Separating Investment Management and Trust Administration Duties

Separating Investment Management and Trust Administration Duties: Directed and Delegated Trusts

By: Terry Doyle, Director of Fiduciary Sales

Trust creators or trust beneficiaries may wish to split the responsibility for trust administration and investment management. Utilizing features of the Uniform Trust Code, trustees like Prairie Trust can partner with financial advisors to offer a more flexible approach to trust administration and investment management. Acting as corporate trustee, Prairie can administer directed trusts and delegated trusts which can allow an outside advisor to manage irrevocable trust assets.

When drafting a trust document, the creator of the trust, also known as the settlor, may assign the job of managing assets to someone other than the trustee. The settlor might nominate someone known as a directing party to direct the trustee to utilize the services of an investment manager not affiliated with the trustee. Often, the directing party is a trust beneficiary or other individual who had a close relationship with the trust settlor. A directed trust can allow an existing wealth advisor to continue managing trust assets based on the authority of the directing party, while releasing the trustee from the responsibility of how the money is invested. In a directed trust, the trustee is legally required to follow the investment directives of an outside advisor (except for acts of willful misconduct) who manages investments and maintains a close relationship with the client.

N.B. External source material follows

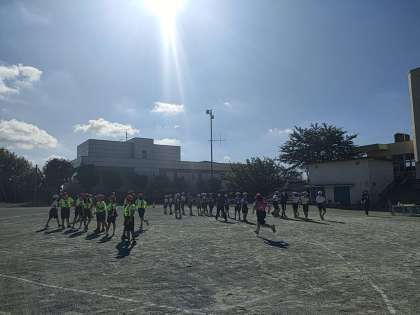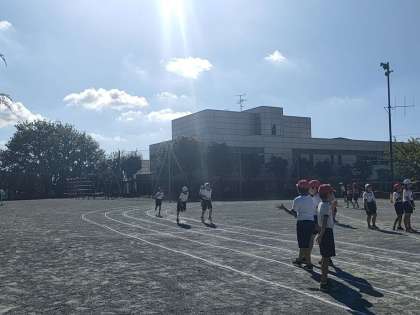今日は朝の涼しい時間帯をねらって(それでも暑いですが‥)、4年生がリレーの練習をしていました。

Trust settlors who may not wish to name a directing party can still have a trust drafted that allows an outside investment manager to manage trust assets. The settlor can state their wish for the trustee to delegate investment authority to an outside investment advisor. Delegated trusts give the trustee the ability to delegate the investment of trust assets. In a delegated trust, the trustee remains responsible for ensuring the trust investments are suitable for the needs and purposes of the trust. As a result, the trustee must monitor the outside manager’s investment activities to ensure that all parties meet their fiduciary obligations. In delegated trusts, the corporate trustee shares more fiduciary responsibility for investment decisions than in a directed trust.

In either a directed or delegated trust, the trust duties are bifurcated: the advisor manages the assets and the trustee handles trust administration.

Though many older trust documents do not address the appointment of a directing party nor the delegation of investment authority, such issues can often be addressed utilizing what is known as a Non-Judicial Settlement Agreement, or NJSA. An NJSA can be utilized to appoint a trust beneficiary or other individual as the “directing party.” The directing party then directs the advisor-friendly trustee to utilize the services of an independent advisor to manage trust assets and to utilize the custodian chosen by the advisor. All qualified beneficiaries of the trust must sign off on the NJSA, as their unanimous request is required under the Trust Code. A qualified beneficiary is anyone who is currently entitled to receive distributions from the trust AND anyone who would be entitled to distributions from the trust if the current beneficiaries receiving distributions were to pass away.

Due to the tools provided by the Uniform Trust Code, trust beneficiaries don’t have to be to be stuck with a traditional corporate trustee’s investment approach. There are now options allowing for greater choice in selecting the investment manager of trust assets, allowing for better outcomes for trust beneficiaries.